[Томас Пинчон. Радуга тяготения. / Пер. М. Немцова и А. Грызуновой. — М.: Эксмо, 2013.]
Опубликовано в журнале Урал, номер 6, 2014
Томас Пинчон — один из самых загадочных писателей Америки да и, наверное, мира. Он живет затворником и не дает интервью. Неизвестны даже современные фотографии писателя. Лишь несколько фотографий, сделанные в молодом возрасте, опубликованы. «Радуга тяготения», вышедшая в 1973 году, — это самое известное и самое сложное произведение Пинчона. На русском языке она появилась год назад и сразу же обратила на себя внимание критиков. Это мощнейший постмодернистский эпос, сравнимый по силе с произведениями Джойса. Разобраться в этой книге с первого прочтения просто невозможно. Более сотни персонажей, истории которых сложным образом переплетаются друг с другом, рваная манера повествования, многочисленные отступления философско-эзотерического плана, потоки сознания, обилие исторической информации, взвинченная до предела образность и символичность художественных построений — все это ждет читателя, если, конечно, он сможет осилить этот гигантский текст.
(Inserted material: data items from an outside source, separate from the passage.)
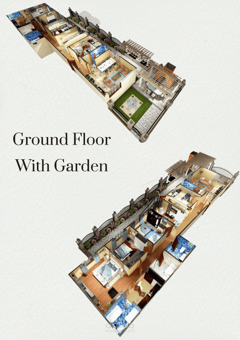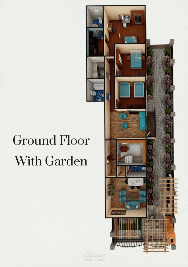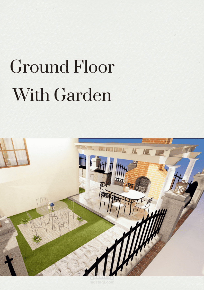 detailed 3D architectural visualization for a Ground Floor Unit with a Private Garden. The design includes functional zoning that separates private and public areas, featuring an open living and dining space connected directly to the garden through a shaded outdoor terrace. The visualization highlights natural light flow, landscape integration, and material harmony to create a comfortable and aesthetic living environment. The model was developed using Revit, SketchUp, and rendered in Lumion to achieve realistic presentation quality.
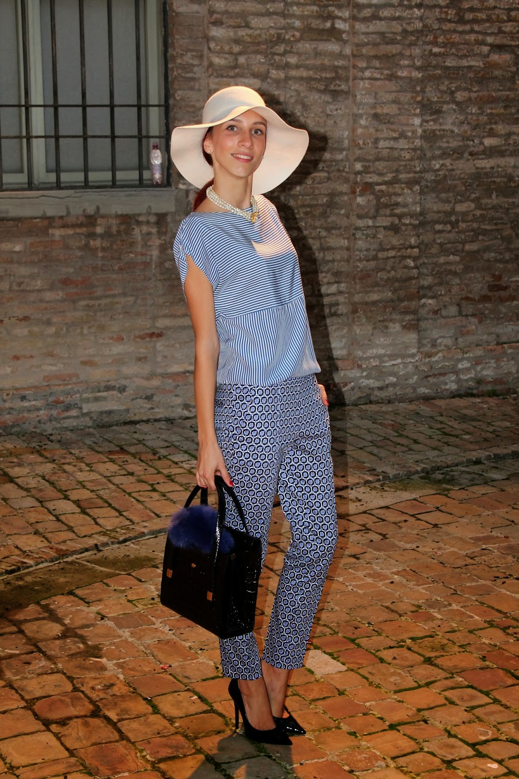 IT: Due fantasie completamente diverse tra loro accostate insieme per creare un look particolare che crea effetti ottici. La cosa che li accomuna sono i colori, il blu e il bianco che riprendono anche gli accessori come la collana, il cappello e il collo di pelliccia, mentre le scarpe e la borsa riprendono la tonalità nera.
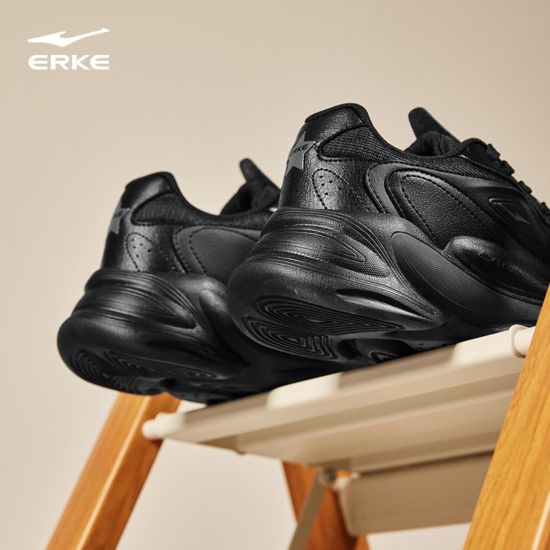 鸿星尔克运动鞋冬季新款男鞋跑步鞋软底跑鞋爸爸休闲鞋中年黑鞋子
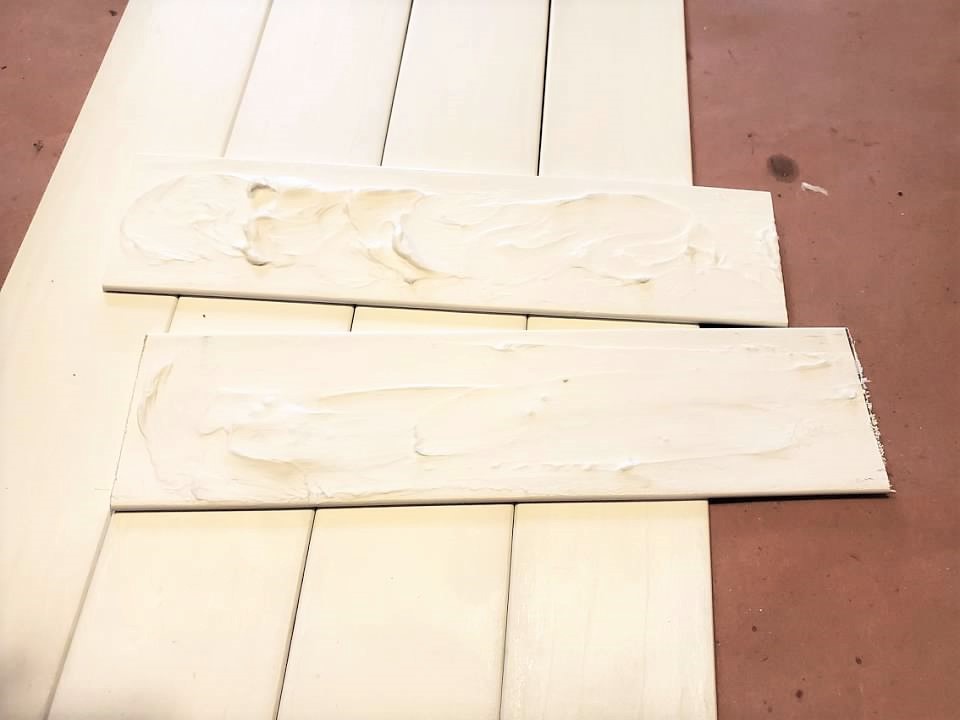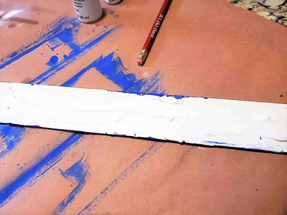 Put that aside and let dry.  Grab the two 15 inch slats painting them with blue.  I am using Cobalt Blue craft paint.
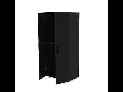 Closet, con 2 puertas abatibles, 2 tubos para colgar prendas, y 3 entrepaños para organizar.
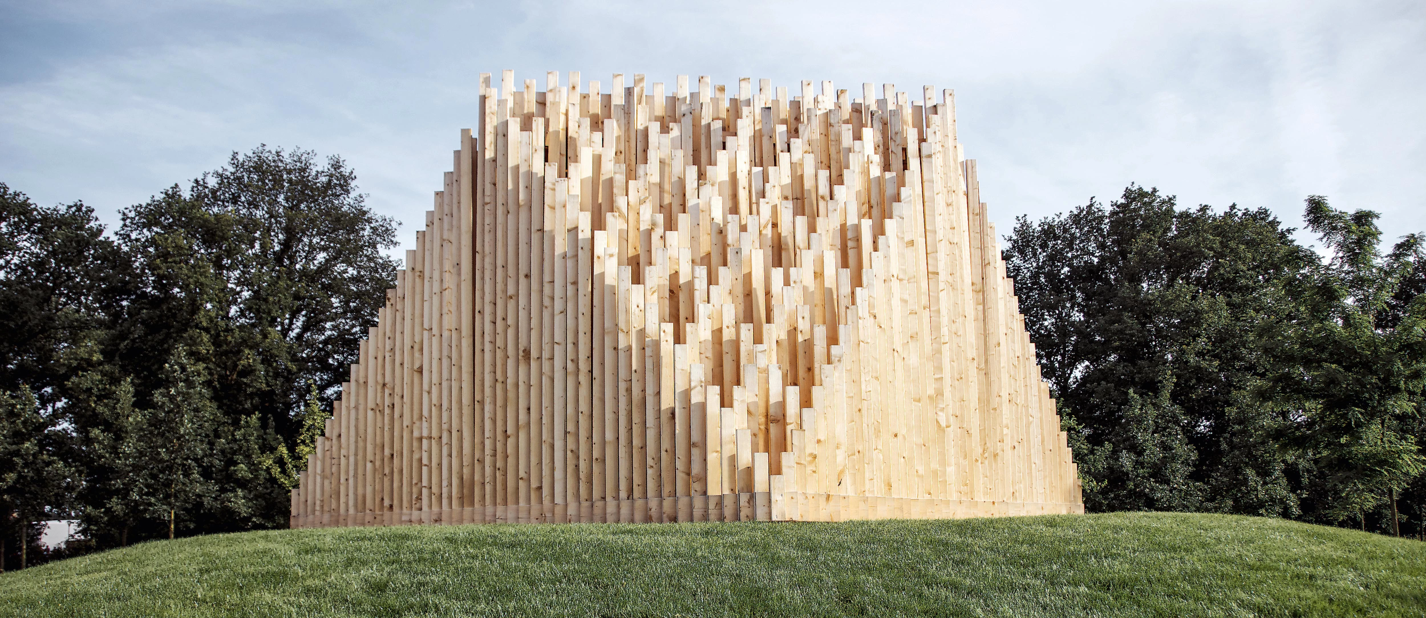 Inspirada en un bosque de bambú, la estructura se construyó con esbeltas piezas de madera de igual sección pero diversas longitudes, colocadas en vertical generando formas piramidales superpuestas que varían en cada uno de los lados.
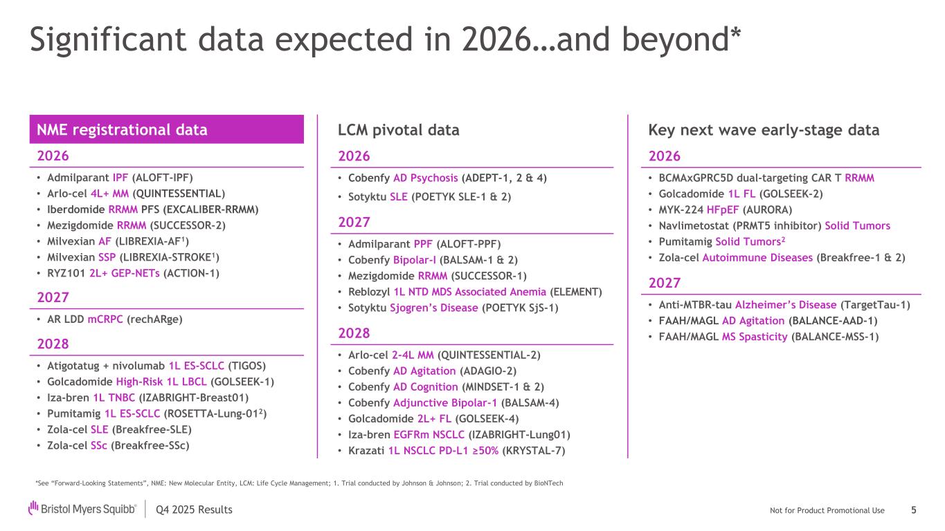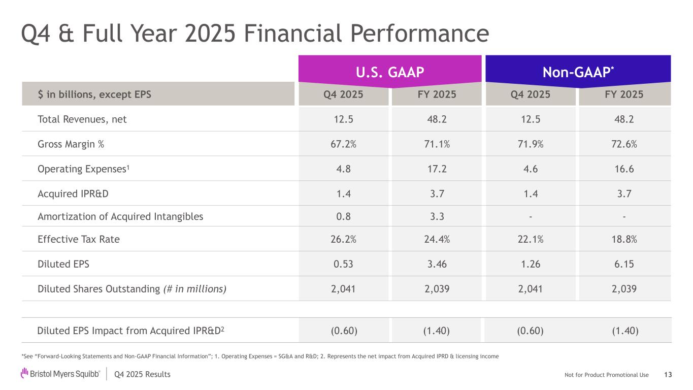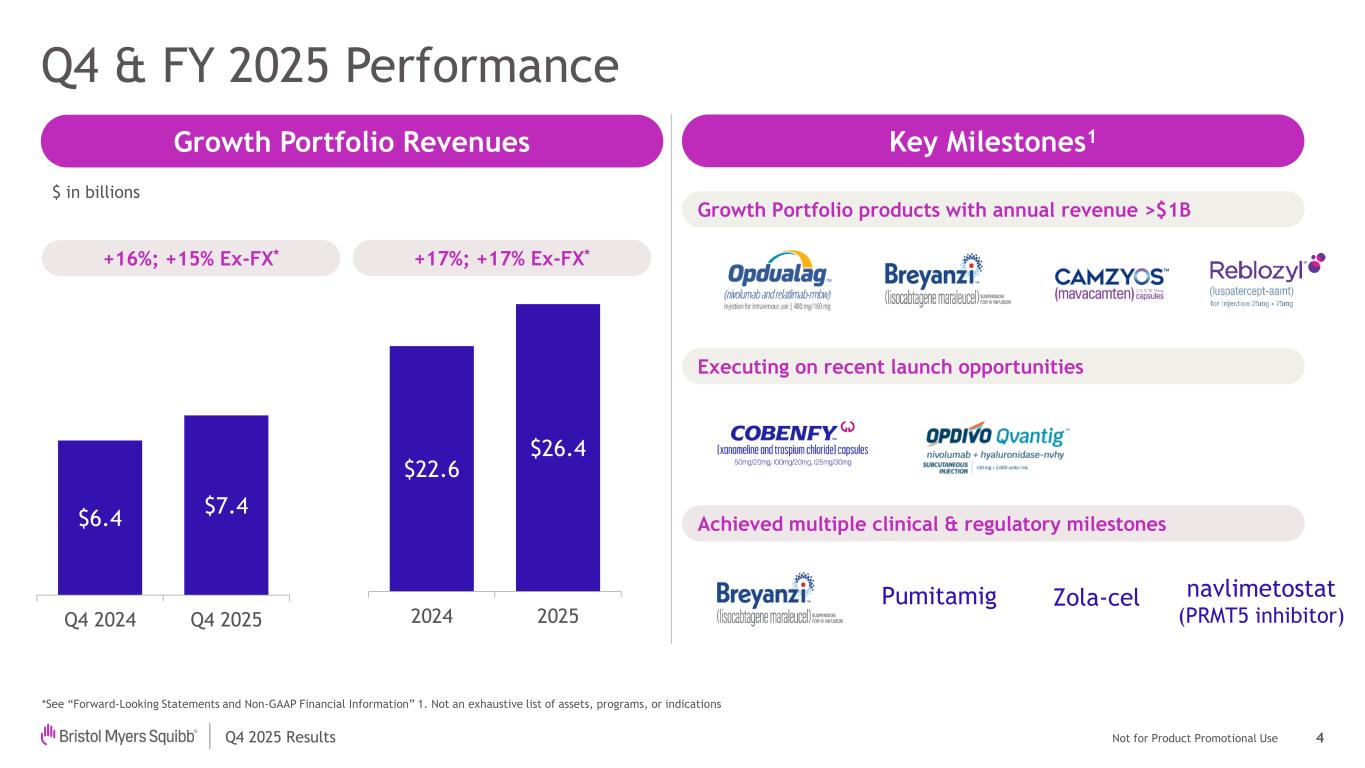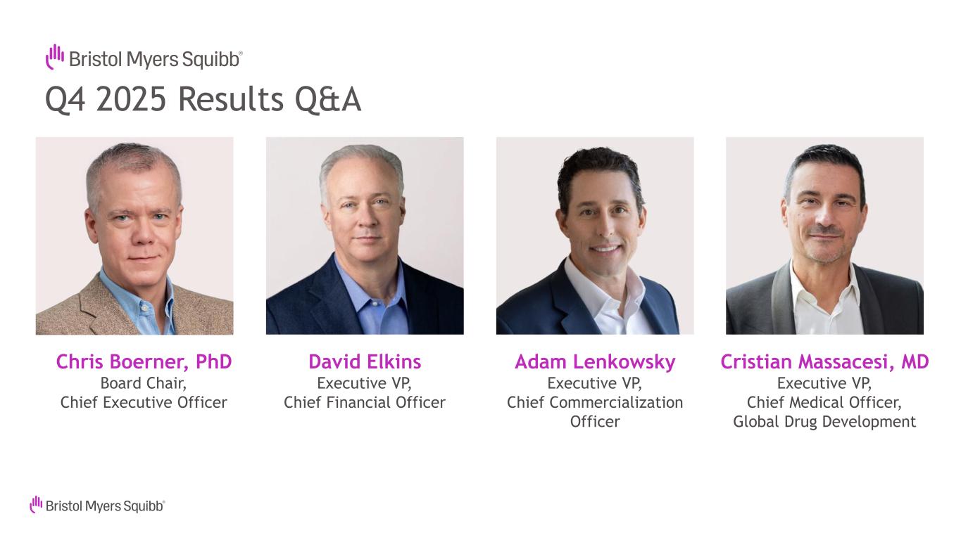 Not for Product Promotional UseQ4 2025 Results Forward Looking Statements and Non-GAAP Financial Information 2 This presentation contains statements about Bristol-Myers Squibb Company’s (the “Company”) future financial results, plans, business development strategy, anticipated clinical trials, results and regulatory approvals that constitute forward-looking statements for purposes of the safe harbor provisions under the Private Securities Litigation Reform Act of 1995. All statements that are not statements of historical facts are, or may be deemed to be, forward-looking statements. Actual results may differ materially from those expressed in, or implied by, these statements as a result of various factors, including, but not limited to: (i) new laws, government actions, agreements and regulations, including with respect to pricing controls and market access and the imposition of new tariffs, trade restrictions and export regulations, including the potential for international reference pricing and most-favored nation drug pricing for our products, (ii) our ability to obtain, protect and maintain market exclusivity rights and enforce patents and other intellectual property rights, (iii) our ability to achieve expected clinical, regulatory and contractual milestones on expected timelines or at all, (iv) difficulties or delays in the development and commercialization of new products, (v) difficulties or delays in our clinical trials and the manufacturing, distribution and sale of our products, (vi) adverse outcomes in legal or regulatory proceedings, (vii) risks relating to acquisitions, divestitures, alliances, joint ventures and other portfolio actions and (viii) political and financial instability, including changes in general economic conditions. These and other important factors are discussed in the Company’s most recent annual report on Form 10-K and reports on Forms 10-Q and 8-K. These documents are available on the U.S. Securities and Exchange Commission’s website, on the Company’s website or from Bristol-Myers Squibb Investor Relations. No forward- looking statements can be guaranteed. In addition, any forward-looking statements and clinical data included herein are presented only as of the date hereof. Except as otherwise required by applicable law, the Company undertakes no obligation to publicly update any of the provided information, whether as a result of new information, future events, changed circumstances or otherwise. This presentation includes certain non-generally accepted accounting principles (“GAAP”) financial measures that we use to describe the Company’s performance. The non-GAAP financial measures are provided as supplemental information and are presented because management has evaluated the Company’s financial results both including and excluding the adjusted items or the effects of foreign currency translation, as applicable, and believes that the non-GAAP financial measures presented portray the results of the Company’s baseline performance, supplement or enhance management’s, analysts’ and investors’ overall understanding of the Company’s underlying financial performance and trends and facilitate comparisons among current, past and future periods. This presentation also provides certain revenues and expenses excluding the impact of foreign exchange (“Ex- FX”). We calculate foreign exchange impacts by converting our current-period local currency financial results using the prior period average currency rates and comparing these adjusted amounts to our current-period results. Ex-FX financial measures are not accounted for according to GAAP because they remove the effects of currency movements from GAAP results. The non-GAAP information presented herein provides investors with additional useful information but should not be considered in isolation or as substitutes for the related GAAP measures. Moreover, other companies may define non-GAAP measures differently, which limits the usefulness of these measures for comparisons with such other companies. We encourage investors to review our financial statements and publicly filed reports in their entirety and not to rely on any single financial measure. An explanation of these non-GAAP financial measures and a reconciliation to the most directly comparable financial measure are available on our website at www.bms.com/investors. Also note that a reconciliation of forward-looking non-GAAP measures, including non-GAAP earnings per share (EPS), to the most directly comparable GAAP measures is not provided because comparable GAAP measures for such measures are not reasonably accessible or reliable due to the inherent difficulty in forecasting and quantifying measures that would be necessary for such reconciliation. Namely, we are not, without unreasonable effort, able to reliably predict the impact of accelerated depreciation and impairment charges, legal and other settlements, gains and losses from equity investments and other adjustments. In addition, the Company believes such a reconciliation would imply a degree of precision and certainty that could be confusing to investors. These items are uncertain, depend on various factors and may have a material impact on our future GAAP results. Certain information presented in the accompanying presentation may not add due to the use of rounded numbers.

А сделать это будет непросто даже опытным читателям, привыкшим к экспериментальной литературе. Ведь, по сути, до конца даже непонятно, что происходит в книге. Путь ее персонажей настолько извилист и запутан, что часто даже неясно, где происходит действие. За перемещениями героев, их мутацией друг в друга в атмосфере взаимного преследования просто невозможно уследить — Пинчон полностью игнорирует простой и понятный язык. «Радуга тяготения» представляет собой набор картин, объединенных страхом перед властью и государством, которые олицетворяет немецкая секретная ракета Фау-2.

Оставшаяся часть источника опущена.